■ **DIRECTIONS FOR THIS TASK**
No picture should appear in the copy. Transcribe exactly, and only, the lines from the one with "Materials: Amethyst, Kunzite, Purple" through the last line of the data below.
═════ DATA BLOCK ═════
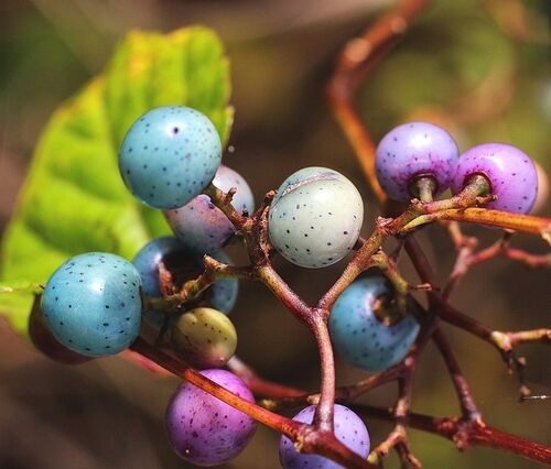 ノブドウがいい色に色づいてきました。 Google AI によりますと、ノブドウの実がカラフルで形が不揃いなのは、ノブドウミタマバエやブドウトガリバチといった昆虫の幼虫が寄生して「虫こぶ」を作っているためなのだとか。 ノブドウのカラフルな実は 虫こぶに…
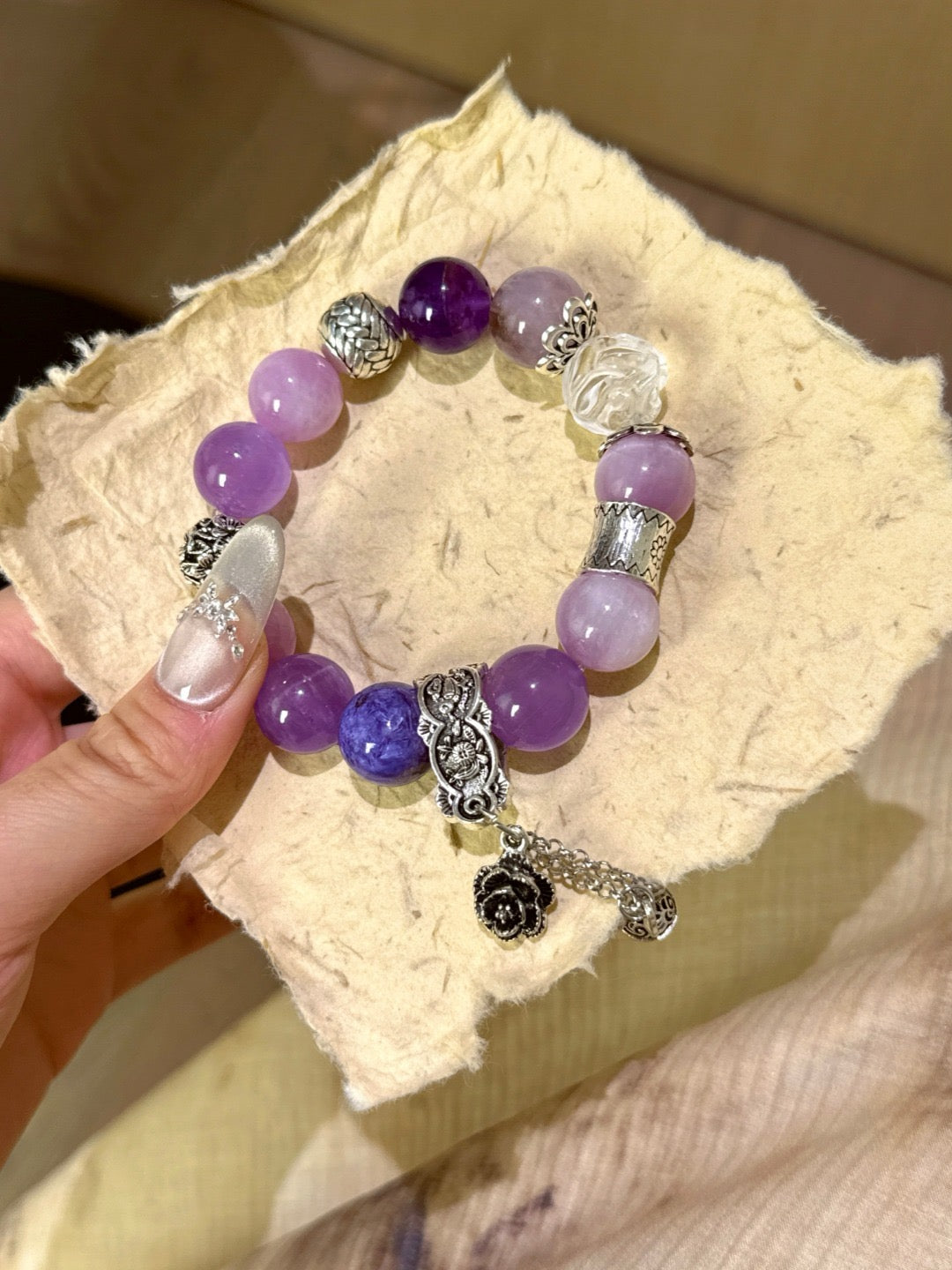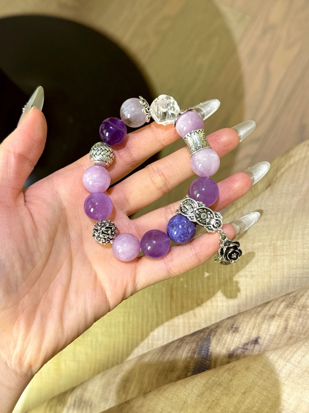 Materials: Amethyst, Kunzite, Purple Rabbit Hair Crystal, Charoite, White Crystal Fox
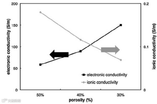 电解液填充在多孔电极的孔隙中,锂离子在孔隙内通过电解液传导,锂离子的传导特性与孔隙率密切相关。孔隙率越大,相当于电解液相体积分数越高,锂离子有效电导率越大。而正极极片中,电子通过碳胶相传输,碳胶相的体积分数,碳胶相的迂曲度又直接决定电子有效电导率。
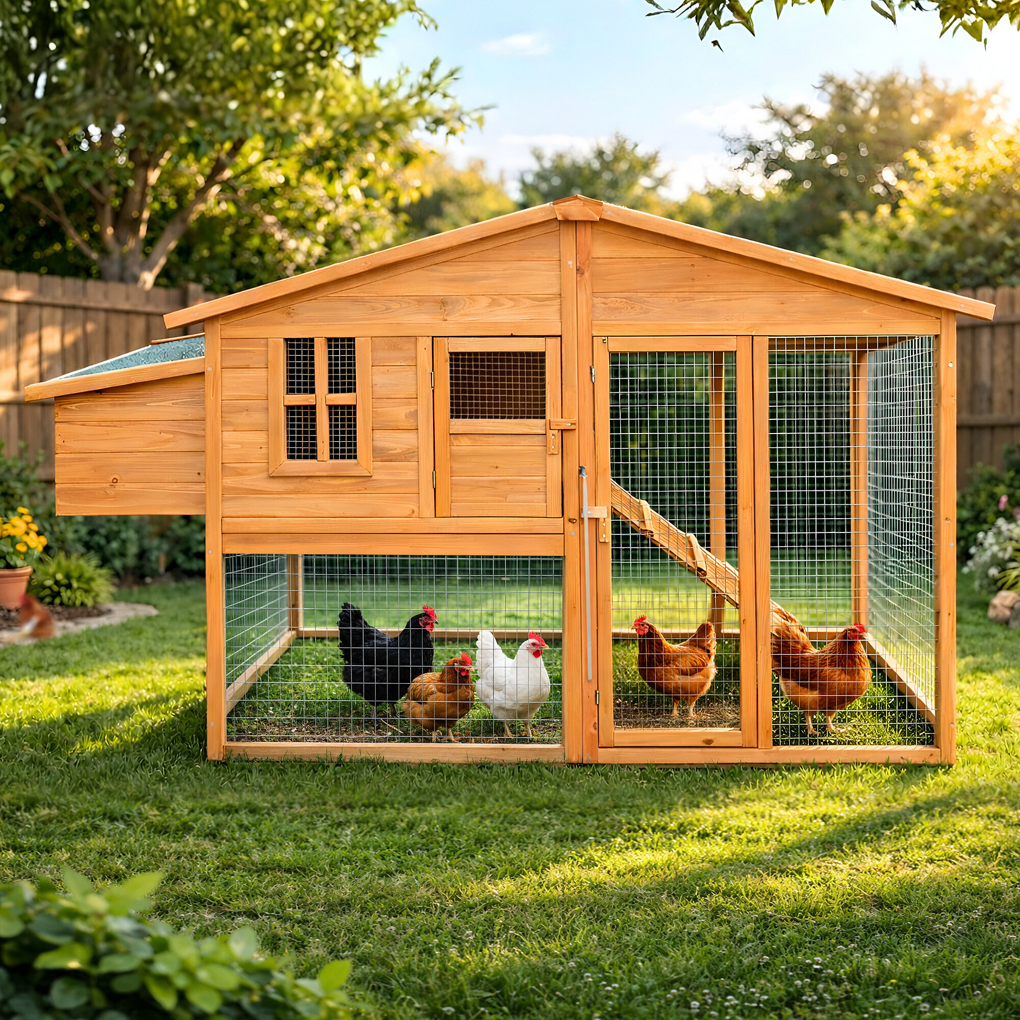 A lakóterülethez csatlakozó kifutó lehetővé teszi a tyúkok szabad mozgását.
═════
■ **SOLUTION FOR THIS PROBLEM**
 Materials: Amethyst, Kunzite, Purple Rabbit Hair Crystal, Charoite, White Crystal Fox
 电解液填充在多孔电极的孔隙中,锂离子在孔隙内通过电解液传导,锂离子的传导特性与孔隙率密切相关。孔隙率越大,相当于电解液相体积分数越高,锂离子有效电导率越大。而正极极片中,电子通过碳胶相传输,碳胶相的体积分数,碳胶相的迂曲度又直接决定电子有效电导率。
 A lakóterülethez csatlakozó kifutó lehetővé teszi a tyúkok szabad mozgását.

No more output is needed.